* _Your objective_
The data below contains pictures, which are to be skipped; the lines starting at the line with "A classic pear" and ending at the line with "string = '公众号:土堆碎念'" are to be output exactly, both ends included.

* _Data for processing_
○ ○ ○

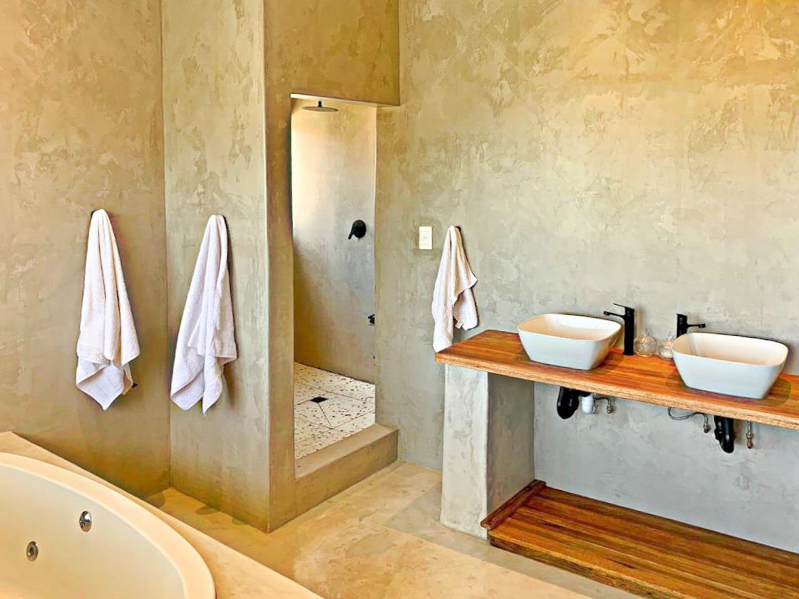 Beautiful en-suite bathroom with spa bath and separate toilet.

○ ○ ○

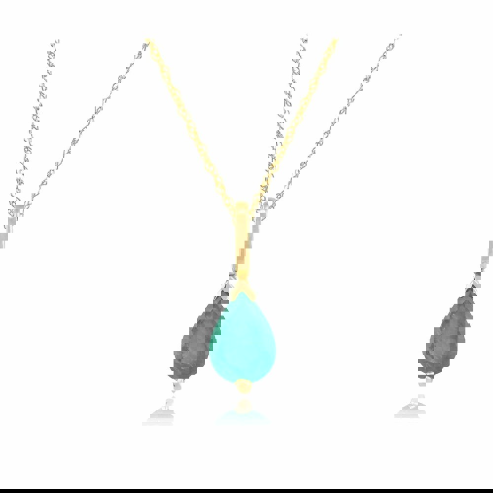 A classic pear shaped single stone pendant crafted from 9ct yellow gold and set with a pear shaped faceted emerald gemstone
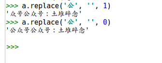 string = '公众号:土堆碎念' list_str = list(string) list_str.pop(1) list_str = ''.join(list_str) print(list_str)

○ ○ ○

* _Response box_
 A classic pear shaped single stone pendant crafted from 9ct yellow gold and set with a pear shaped faceted emerald gemstone
 string = '公众号:土堆碎念' list_str = list(string) list_str.pop(1) list_str = ''.join(list_str) print(list_str)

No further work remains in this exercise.